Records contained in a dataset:
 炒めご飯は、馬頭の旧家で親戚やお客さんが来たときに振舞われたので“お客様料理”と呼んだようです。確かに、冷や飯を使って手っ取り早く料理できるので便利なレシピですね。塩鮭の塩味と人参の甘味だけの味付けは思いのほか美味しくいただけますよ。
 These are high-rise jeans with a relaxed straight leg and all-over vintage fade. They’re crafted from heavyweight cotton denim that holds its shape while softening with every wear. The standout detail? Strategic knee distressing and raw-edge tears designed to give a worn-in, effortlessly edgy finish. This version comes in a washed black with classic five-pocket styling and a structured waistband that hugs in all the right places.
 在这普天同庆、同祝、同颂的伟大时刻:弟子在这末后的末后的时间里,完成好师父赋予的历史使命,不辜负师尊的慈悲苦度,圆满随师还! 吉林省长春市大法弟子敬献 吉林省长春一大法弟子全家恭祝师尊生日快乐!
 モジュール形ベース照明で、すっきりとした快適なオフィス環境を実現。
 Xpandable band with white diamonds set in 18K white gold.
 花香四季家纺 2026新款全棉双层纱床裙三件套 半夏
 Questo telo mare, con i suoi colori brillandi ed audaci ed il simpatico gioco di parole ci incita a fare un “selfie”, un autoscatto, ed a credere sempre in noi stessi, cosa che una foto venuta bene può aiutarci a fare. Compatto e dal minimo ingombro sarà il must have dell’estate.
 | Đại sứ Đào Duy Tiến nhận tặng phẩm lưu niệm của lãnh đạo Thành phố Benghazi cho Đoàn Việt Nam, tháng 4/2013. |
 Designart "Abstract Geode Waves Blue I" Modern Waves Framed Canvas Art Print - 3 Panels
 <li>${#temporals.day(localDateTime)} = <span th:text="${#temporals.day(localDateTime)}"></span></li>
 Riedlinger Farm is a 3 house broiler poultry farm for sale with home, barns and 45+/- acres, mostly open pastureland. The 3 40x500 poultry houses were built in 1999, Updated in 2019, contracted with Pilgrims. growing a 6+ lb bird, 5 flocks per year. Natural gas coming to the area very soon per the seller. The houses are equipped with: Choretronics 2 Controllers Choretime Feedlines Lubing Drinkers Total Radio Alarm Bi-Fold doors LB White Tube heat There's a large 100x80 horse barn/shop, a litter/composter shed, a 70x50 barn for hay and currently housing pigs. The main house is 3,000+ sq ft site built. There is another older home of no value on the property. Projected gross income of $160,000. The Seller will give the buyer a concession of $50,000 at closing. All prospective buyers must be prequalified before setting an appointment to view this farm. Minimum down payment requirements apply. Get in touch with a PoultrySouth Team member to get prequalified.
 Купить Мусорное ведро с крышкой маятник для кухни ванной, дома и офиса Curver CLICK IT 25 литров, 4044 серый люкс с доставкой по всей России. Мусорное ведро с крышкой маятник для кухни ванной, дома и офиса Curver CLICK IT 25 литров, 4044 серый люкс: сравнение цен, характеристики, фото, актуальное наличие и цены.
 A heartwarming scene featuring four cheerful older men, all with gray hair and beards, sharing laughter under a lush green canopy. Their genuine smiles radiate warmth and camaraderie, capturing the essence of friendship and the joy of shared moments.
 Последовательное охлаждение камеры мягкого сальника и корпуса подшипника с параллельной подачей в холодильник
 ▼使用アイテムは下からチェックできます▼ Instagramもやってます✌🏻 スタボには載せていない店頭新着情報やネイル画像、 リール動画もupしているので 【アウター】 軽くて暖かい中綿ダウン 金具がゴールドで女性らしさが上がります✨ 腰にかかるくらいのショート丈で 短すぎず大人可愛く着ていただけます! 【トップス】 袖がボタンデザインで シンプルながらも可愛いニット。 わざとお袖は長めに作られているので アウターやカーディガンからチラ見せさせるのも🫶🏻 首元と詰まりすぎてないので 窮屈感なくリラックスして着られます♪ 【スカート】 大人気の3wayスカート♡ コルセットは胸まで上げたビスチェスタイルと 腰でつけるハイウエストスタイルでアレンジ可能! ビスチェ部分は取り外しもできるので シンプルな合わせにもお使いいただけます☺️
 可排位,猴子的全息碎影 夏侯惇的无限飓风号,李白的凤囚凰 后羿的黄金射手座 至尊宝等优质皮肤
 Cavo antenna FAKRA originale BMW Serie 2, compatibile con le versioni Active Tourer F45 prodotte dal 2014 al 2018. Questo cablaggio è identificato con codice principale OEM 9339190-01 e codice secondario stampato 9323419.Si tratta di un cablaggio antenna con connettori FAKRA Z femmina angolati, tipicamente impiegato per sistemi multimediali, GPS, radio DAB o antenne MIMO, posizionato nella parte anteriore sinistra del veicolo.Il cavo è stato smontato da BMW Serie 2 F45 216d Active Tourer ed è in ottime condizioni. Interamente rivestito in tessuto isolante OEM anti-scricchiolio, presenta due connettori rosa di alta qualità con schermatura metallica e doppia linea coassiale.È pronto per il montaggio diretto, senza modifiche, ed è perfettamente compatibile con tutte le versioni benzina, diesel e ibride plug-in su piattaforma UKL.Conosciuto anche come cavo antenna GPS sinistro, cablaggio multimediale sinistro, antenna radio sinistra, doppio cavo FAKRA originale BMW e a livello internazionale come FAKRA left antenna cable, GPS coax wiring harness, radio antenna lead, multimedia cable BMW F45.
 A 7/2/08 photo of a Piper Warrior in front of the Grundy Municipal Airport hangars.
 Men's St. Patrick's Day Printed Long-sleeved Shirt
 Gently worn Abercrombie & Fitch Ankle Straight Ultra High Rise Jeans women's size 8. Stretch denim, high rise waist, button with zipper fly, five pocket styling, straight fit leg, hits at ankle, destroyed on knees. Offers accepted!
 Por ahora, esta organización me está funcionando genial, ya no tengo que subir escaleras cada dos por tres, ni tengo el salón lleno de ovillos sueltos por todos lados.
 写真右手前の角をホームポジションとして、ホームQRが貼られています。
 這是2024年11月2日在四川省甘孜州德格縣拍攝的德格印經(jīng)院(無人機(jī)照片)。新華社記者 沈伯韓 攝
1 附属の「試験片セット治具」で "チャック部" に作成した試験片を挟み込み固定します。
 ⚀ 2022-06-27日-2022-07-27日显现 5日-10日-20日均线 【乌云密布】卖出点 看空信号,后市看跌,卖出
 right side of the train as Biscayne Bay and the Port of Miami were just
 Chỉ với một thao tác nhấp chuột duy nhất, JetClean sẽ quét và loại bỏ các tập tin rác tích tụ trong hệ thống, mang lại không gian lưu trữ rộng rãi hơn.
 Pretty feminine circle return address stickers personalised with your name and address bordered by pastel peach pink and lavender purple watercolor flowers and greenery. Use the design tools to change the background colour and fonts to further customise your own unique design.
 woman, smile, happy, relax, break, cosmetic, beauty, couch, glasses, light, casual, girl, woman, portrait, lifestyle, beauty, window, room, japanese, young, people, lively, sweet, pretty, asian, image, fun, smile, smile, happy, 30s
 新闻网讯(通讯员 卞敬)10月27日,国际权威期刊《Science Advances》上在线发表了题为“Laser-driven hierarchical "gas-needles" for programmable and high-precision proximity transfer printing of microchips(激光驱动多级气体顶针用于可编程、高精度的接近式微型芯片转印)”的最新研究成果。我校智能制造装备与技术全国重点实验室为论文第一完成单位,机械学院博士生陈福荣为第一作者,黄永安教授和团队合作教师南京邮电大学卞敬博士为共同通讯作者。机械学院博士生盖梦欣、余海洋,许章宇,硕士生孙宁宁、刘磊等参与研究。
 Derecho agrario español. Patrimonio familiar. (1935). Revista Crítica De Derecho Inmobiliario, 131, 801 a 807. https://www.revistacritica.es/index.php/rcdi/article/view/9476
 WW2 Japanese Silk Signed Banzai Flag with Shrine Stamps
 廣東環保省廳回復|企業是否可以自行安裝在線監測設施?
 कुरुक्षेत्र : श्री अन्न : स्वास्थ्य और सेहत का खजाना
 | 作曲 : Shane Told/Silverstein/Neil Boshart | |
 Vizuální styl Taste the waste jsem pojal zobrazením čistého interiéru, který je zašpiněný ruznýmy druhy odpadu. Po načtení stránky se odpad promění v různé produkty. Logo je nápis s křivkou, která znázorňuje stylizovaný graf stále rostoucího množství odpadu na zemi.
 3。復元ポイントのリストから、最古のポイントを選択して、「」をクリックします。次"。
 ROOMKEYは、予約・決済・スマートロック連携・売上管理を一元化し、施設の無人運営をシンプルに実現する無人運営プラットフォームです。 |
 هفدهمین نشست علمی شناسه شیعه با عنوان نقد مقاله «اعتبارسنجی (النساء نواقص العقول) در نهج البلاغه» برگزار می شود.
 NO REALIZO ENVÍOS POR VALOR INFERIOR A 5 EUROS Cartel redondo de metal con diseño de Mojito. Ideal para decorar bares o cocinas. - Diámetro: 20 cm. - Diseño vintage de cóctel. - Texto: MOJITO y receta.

• TASK TO COMPLETE:
Starting at the line above that contains "5日-10日-20日均线 【乌云密布】卖出点 看空信号,后市看跌,卖出", write out each line exactly until the line that contains "smile, happy, 30s" has been written, and stop there.

• TASK RESPONSE:
 ⚀ 2022-06-27日-2022-07-27日显现 5日-10日-20日均线 【乌云密布】卖出点 看空信号,后市看跌,卖出
 right side of the train as Biscayne Bay and the Port of Miami were just
 Chỉ với một thao tác nhấp chuột duy nhất, JetClean sẽ quét và loại bỏ các tập tin rác tích tụ trong hệ thống, mang lại không gian lưu trữ rộng rãi hơn.
 Pretty feminine circle return address stickers personalised with your name and address bordered by pastel peach pink and lavender purple watercolor flowers and greenery. Use the design tools to change the background colour and fonts to further customise your own unique design.
 woman, smile, happy, relax, break, cosmetic, beauty, couch, glasses, light, casual, girl, woman, portrait, lifestyle, beauty, window, room, japanese, young, people, lively, sweet, pretty, asian, image, fun, smile, smile, happy, 30s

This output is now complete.